Como escrever menos e dizer mais?

NJ: É a coragem de tirar os dedos do teclado. E você ficaria surpresa: note o sucesso do Twitter, 140 caracteres no início, e as pessoas foram forçadas a pensar em como se expressar nesse limite, elas ficaram eficientes e inteligentes nisso. O que tentamos manter na redação é essa disciplina. Tem uma frase de Mark Twain de que gosto muito: "Desculpe, não te escrevi uma carta breve, pois não tive tempo. Em vez disso, escrevi uma carta longa". É verdade, é difícil escrever em poucas palavras o que é notícia, por que importa e por que o leitor deve tirar um tempo para lê-la. É muito mais fácil sentar e digitar, digitar, digitar.

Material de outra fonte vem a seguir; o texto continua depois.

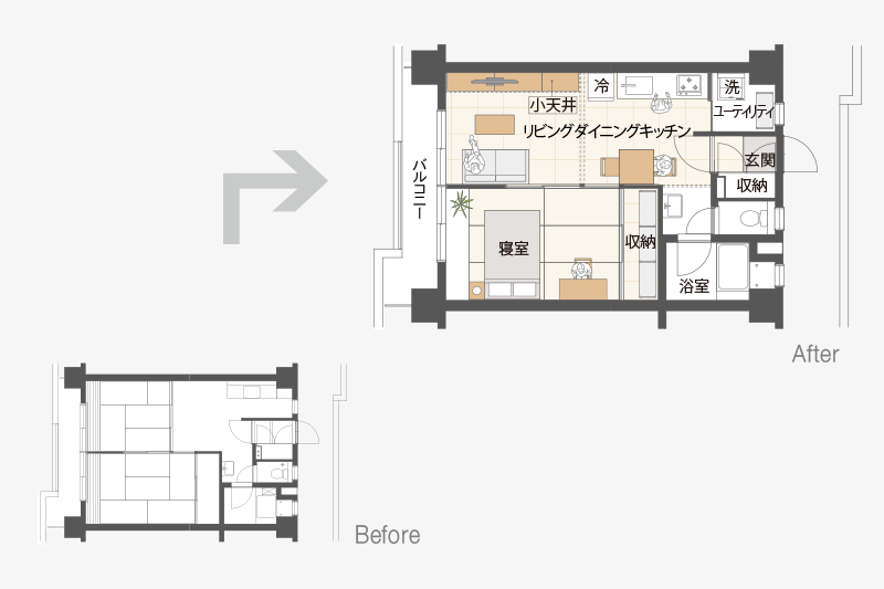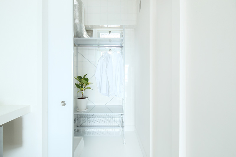 キッチンのすぐ横にユーティリティスペースをつくり、効率的な家事動線を確保しました。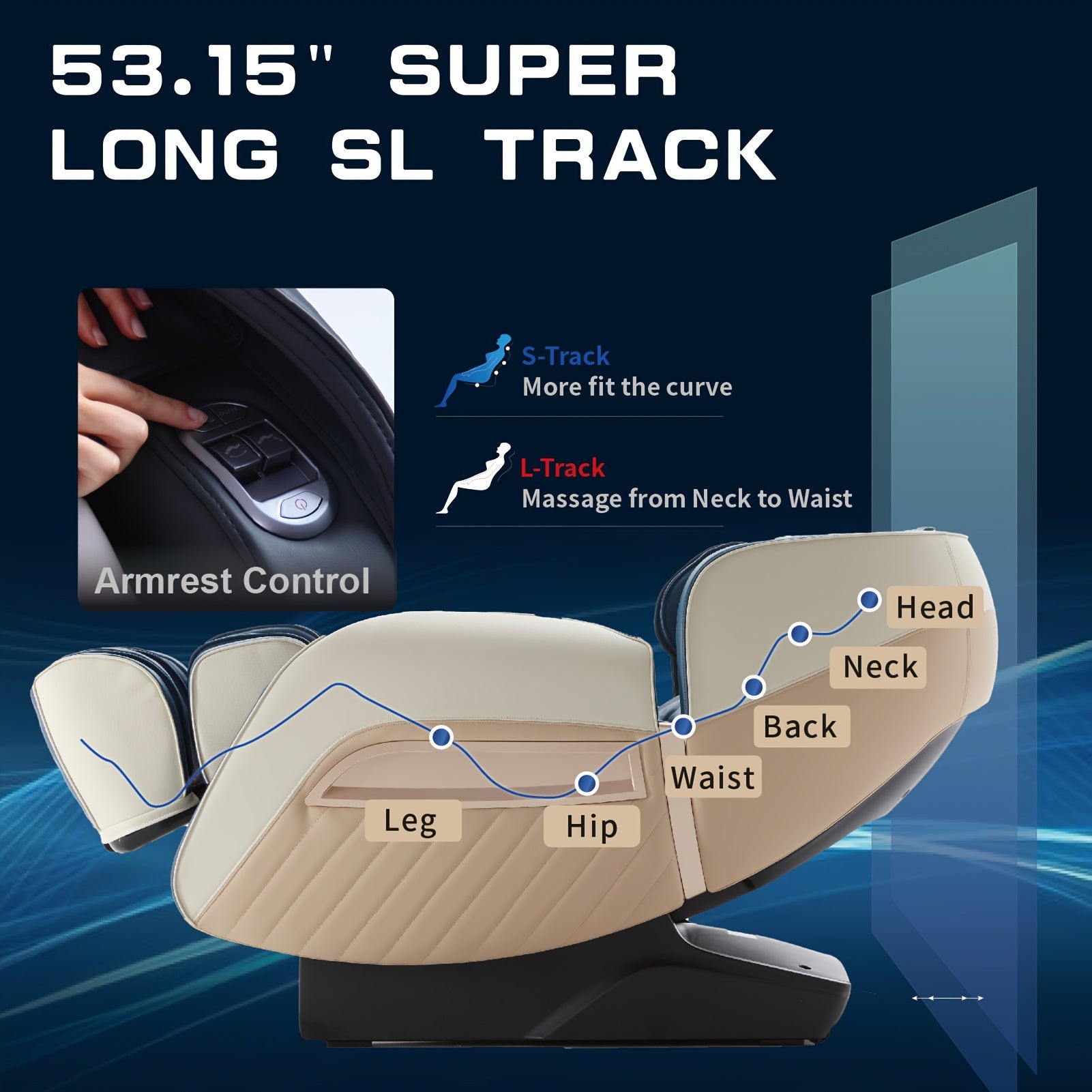 Zero Gravity& 128CM SL Track:One-Button zero gravity mode, 3 adjustable zero gravity positions relax your body and mind, massage your spine with an angle of 126±7°. And this 3D massage recliner combined with 128cm "SL" shape space curved rail technology, makes you enjoy personal massage from the head to the leg, achieves relaxing the spine and relieve tense muscles.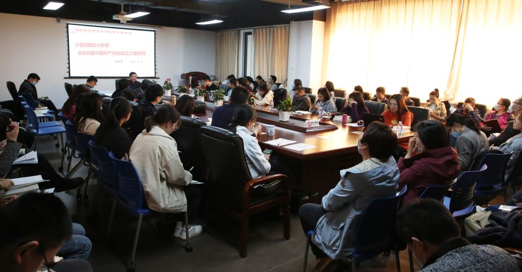 哈战荣老师为大家讲述了党在延安时期的历史,她从何为“延安时期”引入,从落脚延安谱新篇、延安岁月铸辉煌、转战陕北定乾坤三个方面,全面介绍了党中央在延安时期的经济发展、社会建设、民主政治、对外关系等,为大家深入分析了“延安精神”,并介绍了延安时期面对的重重困难和取得的辉煌成就。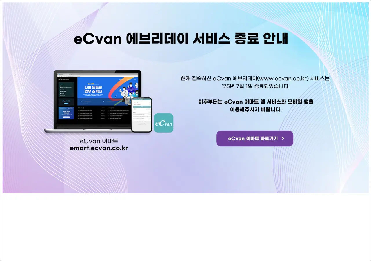 eCvan은 디지털 유통 시스템을 표방하는 사이트예요. 전자상거래 및 유통 관련 플랫폼으로 운영되고 있고, 이마트와 연계된 온라인 거래 시스템을 다루는 곳으로 보여요.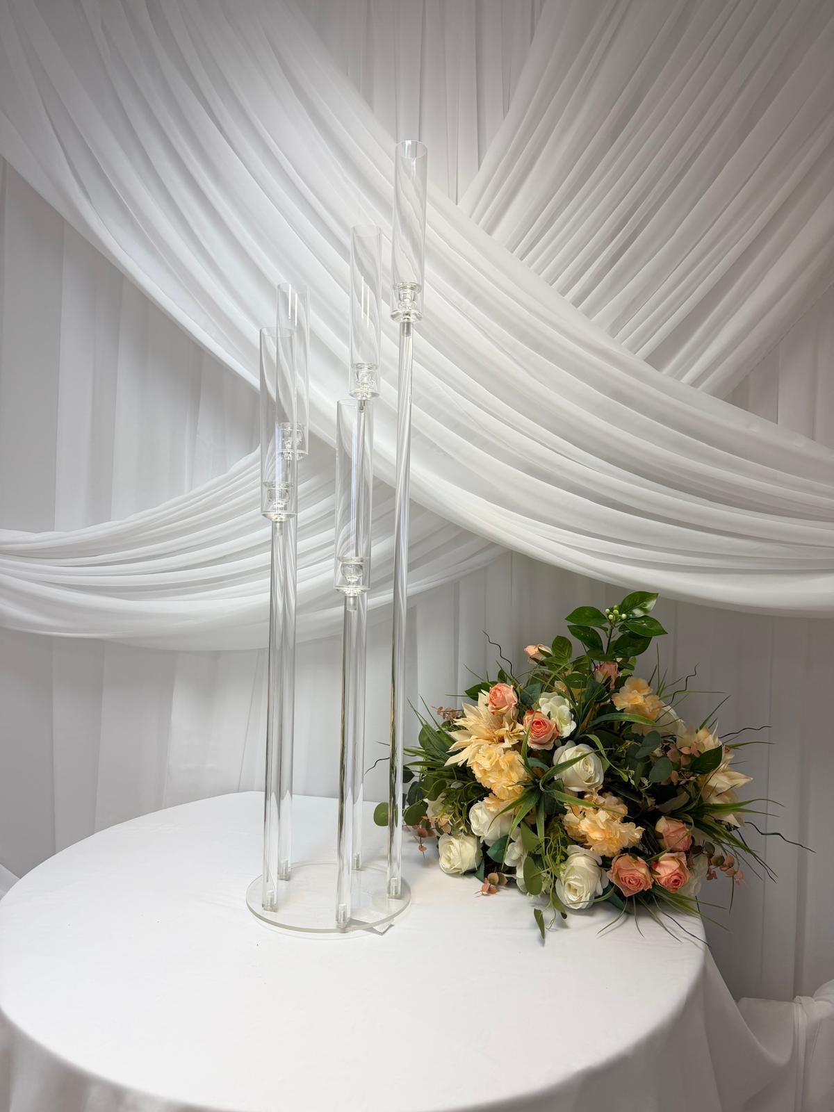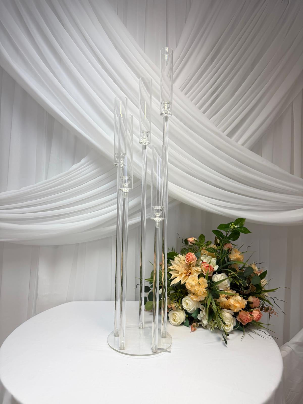 Transformă orice eveniment sau spațiu cu acest suport decorativ modern, realizat din acril transparent de înaltă calitate. Designul său elegant, compus din 5 tuburi verticale montate pe o bază rotundă, creează un efect vizual spectaculos, ideal pentru decoruri florale sau lumânări subțiri.

Como leitor, o que você lê?

NJ: De manhã, as newsletters da Axios (são todas minhas filhas). O que me libera para ler depois, por exemplo, a revista New Yorker. Nos fins de semana, The Economist. Nos voos, levo livros. Essa é a vantagem de ter informação entregue eficientemente, questão de 3,5 minutos para se informar sobre o mundo, o que libera tempo para todo o resto. Há, sim, histórias que exigem mais: já publicamos textos de milhares de palavras, mas porque eles se justificam, eles valem o tempo. É preciso desenvolver esse tipo de confiança com o leitor: esse texto leva 8 minutos de leitura, mas ele vale.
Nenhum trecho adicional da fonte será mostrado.